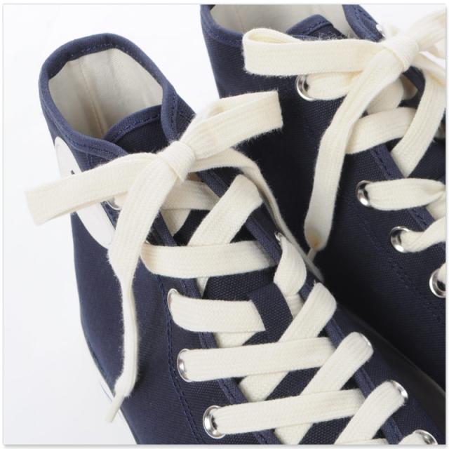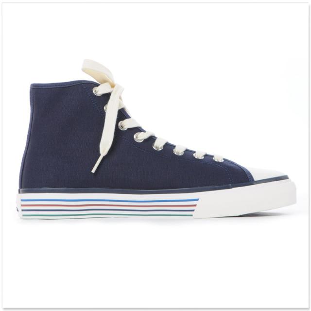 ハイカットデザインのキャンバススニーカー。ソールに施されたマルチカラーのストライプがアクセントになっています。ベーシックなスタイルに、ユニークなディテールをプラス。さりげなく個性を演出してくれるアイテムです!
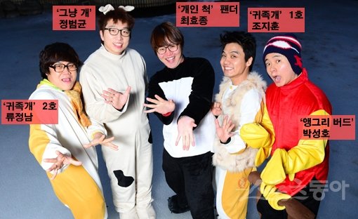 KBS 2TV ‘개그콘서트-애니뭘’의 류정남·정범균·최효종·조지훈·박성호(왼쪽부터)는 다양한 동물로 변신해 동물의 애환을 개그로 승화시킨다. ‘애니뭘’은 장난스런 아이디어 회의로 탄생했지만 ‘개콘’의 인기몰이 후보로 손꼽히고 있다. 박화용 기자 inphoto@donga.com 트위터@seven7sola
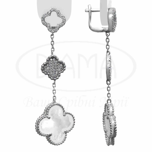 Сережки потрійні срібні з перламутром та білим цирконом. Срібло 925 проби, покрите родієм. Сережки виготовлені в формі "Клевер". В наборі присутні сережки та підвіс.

::::::::::

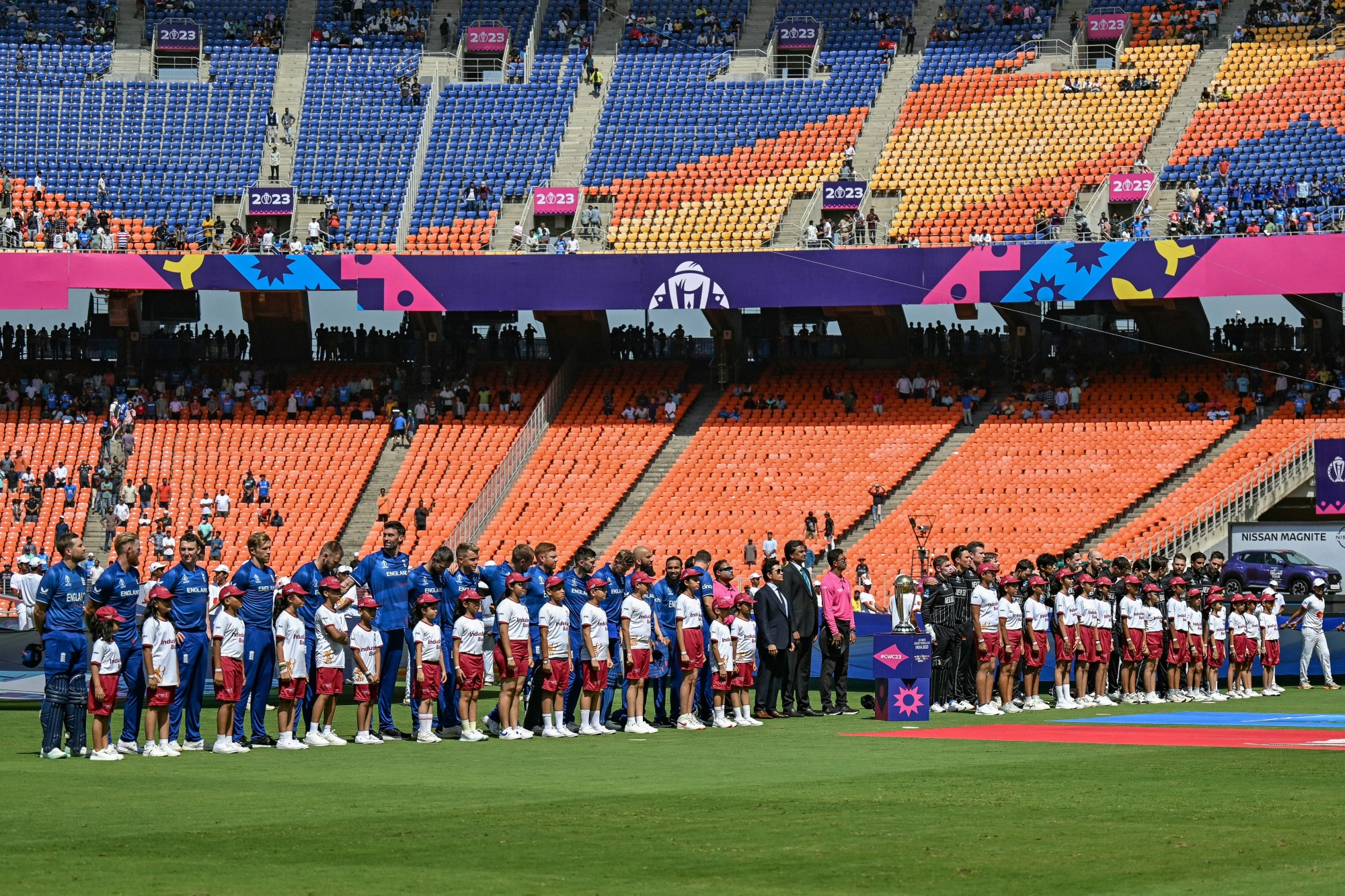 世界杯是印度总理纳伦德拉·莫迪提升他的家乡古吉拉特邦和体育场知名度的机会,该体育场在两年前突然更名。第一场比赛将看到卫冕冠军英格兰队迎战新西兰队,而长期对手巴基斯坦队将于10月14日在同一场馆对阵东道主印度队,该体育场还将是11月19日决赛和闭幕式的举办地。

::::::::::

**GOAL OF THE EXERCISE:**
Within the listing above, the lines from the one with "ハイカットデザインのキャンバ" through the one with "Сережки потрійні срібні" are to be given again word for word. Do not include pictures.

**RESULT:**
 ハイカットデザインのキャンバススニーカー。ソールに施されたマルチカラーのストライプがアクセントになっています。ベーシックなスタイルに、ユニークなディテールをプラス。さりげなく個性を演出してくれるアイテムです!
 KBS 2TV ‘개그콘서트-애니뭘’의 류정남·정범균·최효종·조지훈·박성호(왼쪽부터)는 다양한 동물로 변신해 동물의 애환을 개그로 승화시킨다. ‘애니뭘’은 장난스런 아이디어 회의로 탄생했지만 ‘개콘’의 인기몰이 후보로 손꼽히고 있다. 박화용 기자 inphoto@donga.com 트위터@seven7sola
 Сережки потрійні срібні з перламутром та білим цирконом. Срібло 925 проби, покрите родієм. Сережки виготовлені в формі "Клевер". В наборі присутні сережки та підвіс.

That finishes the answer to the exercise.